Лайза, крякнув, вернулась к рабочему месту, опустилась на стул и вот уже пять минут попеременно смотрела то на дверь начальника, то на раскинувшуюся за окном летнюю улицу, выйти на которую так сильно манили золотые солнечные лучи.
Гарри жив, и ладно…
Пирожков бы с мясом. Прямо сейчас.
Мысли о еде пришлось переключить на нарисованную на экране векторную сетку — к вечеру она должна стать кухней в светлых бежевых тонах, с окном-раздачей, двумя полочками в стене и примером подходящей к землянистому кафелю не громоздкой, но удобной мебели. Нет, не к вечеру даже — завершенным эскизом сетка на экране должна стать уже через пару часов, а следом за ней, часов еще через пару (если Лайза хочет угодить шефу), из принтера должен выползти эскиз гостевой спальни. А после — дизайн прихожей. А после — организованной под одежду и обувь кладовой.
Вот уж о чем Лайзе не хотелось думать, так это о чужой кладовой.
Ей хотелось пирожков — мягких, горячих, истекающих соком, пропитанных луковым ароматом и специями — такие продавались за углом. Да, хотелось пирожков и подумать о Маке.
Лайза задумчиво поводила ногтем по истертой поверхности стола.

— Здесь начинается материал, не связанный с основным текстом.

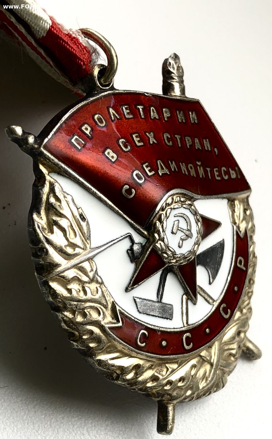 Из недостатков только слабозаметная микрочешуйка на верхней кромке знамени над буквой "А" (показано на фото)
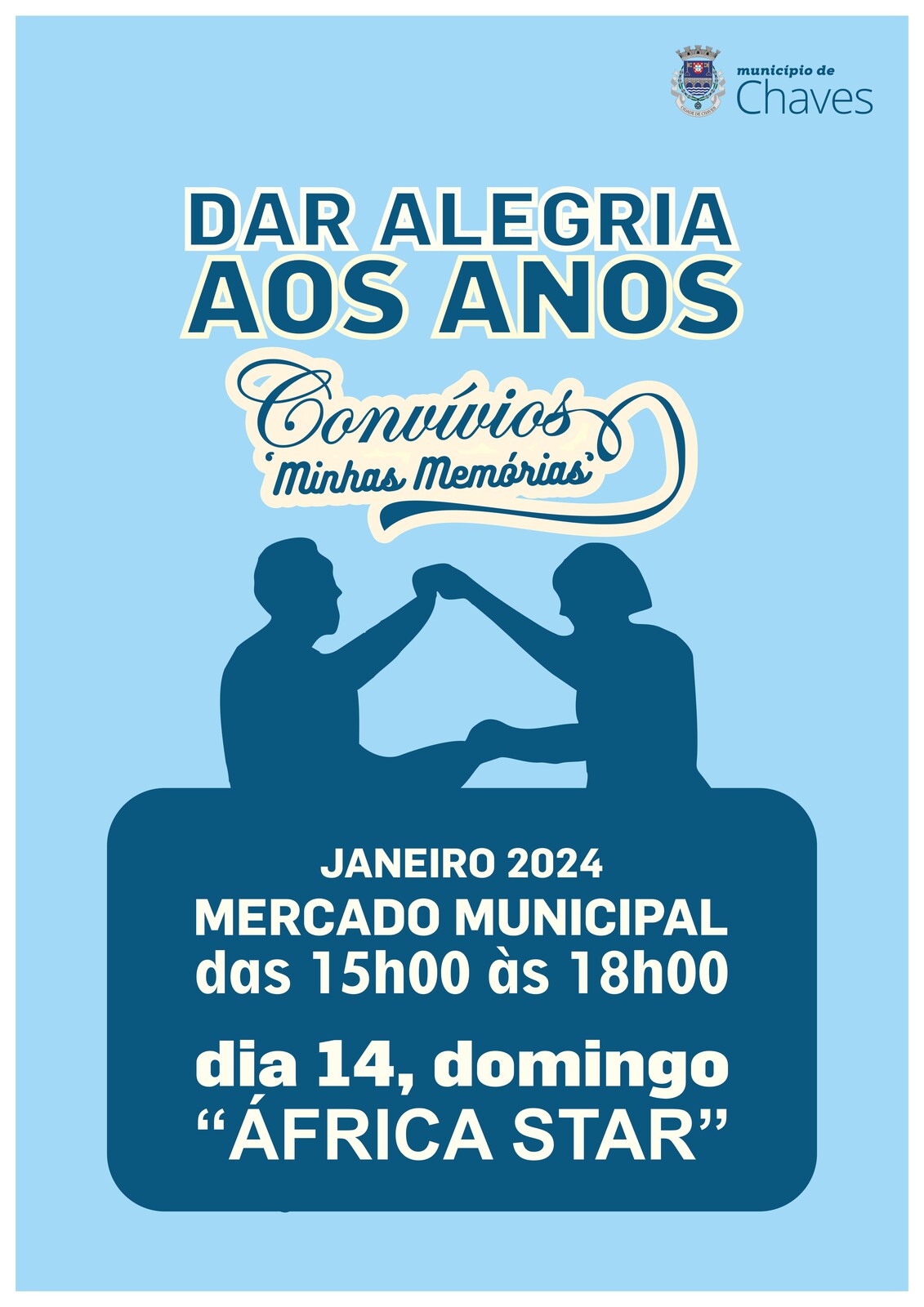 O Município de Chaves promove mais um convívio "Dar Alegria aos Anos", organizado sob o mote “Minhas Memórias”, no próximo dia 14 de janeiro, entre as 15h00 e as 18h00, no Mercado Municipal.
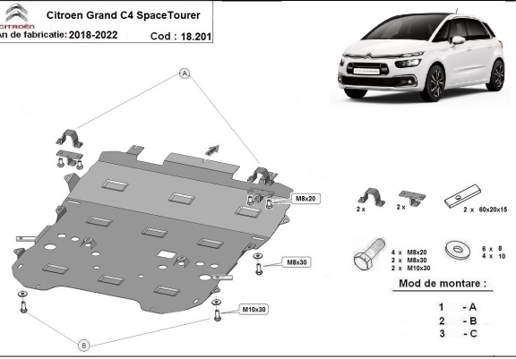 Protetor de Carter de aço Citroen Grand C4 SpaceTourer (2018-2020)

А что, если попросить у Дрейка список запланированных дел Аллертона на пару недель вперед? Интересно, у Великого и Ужасного имеется такая информация? Тогда, ориентируясь по ней, она могла бы тщательно спланировать самую «случайную» встречу на свете. Ведь Дрейк поделится? Обещал. Вот только любая встреча неминуемо приведет к диалогу «о воротах»… Черт бы их подрал. Как объясняться, что плести? И стоит Аллертону выяснить интересующие его подробности, как он тут же утратит к незнакомке всякий интерес — проверено, такой у него характер — значит, нужно что-то другое, что-то интереснее, глубже.
Блин. Устроиться что ли работать в спец. отряд секретаршей? Разносить во время нечастых встреч с Начальником кофе и печенье? Гарцевать на каблучках, отвлекать ребят от дел чулками в сеточку и глубоким декольте, намозолить Маку глаза так, чтобы уже точно не забыл?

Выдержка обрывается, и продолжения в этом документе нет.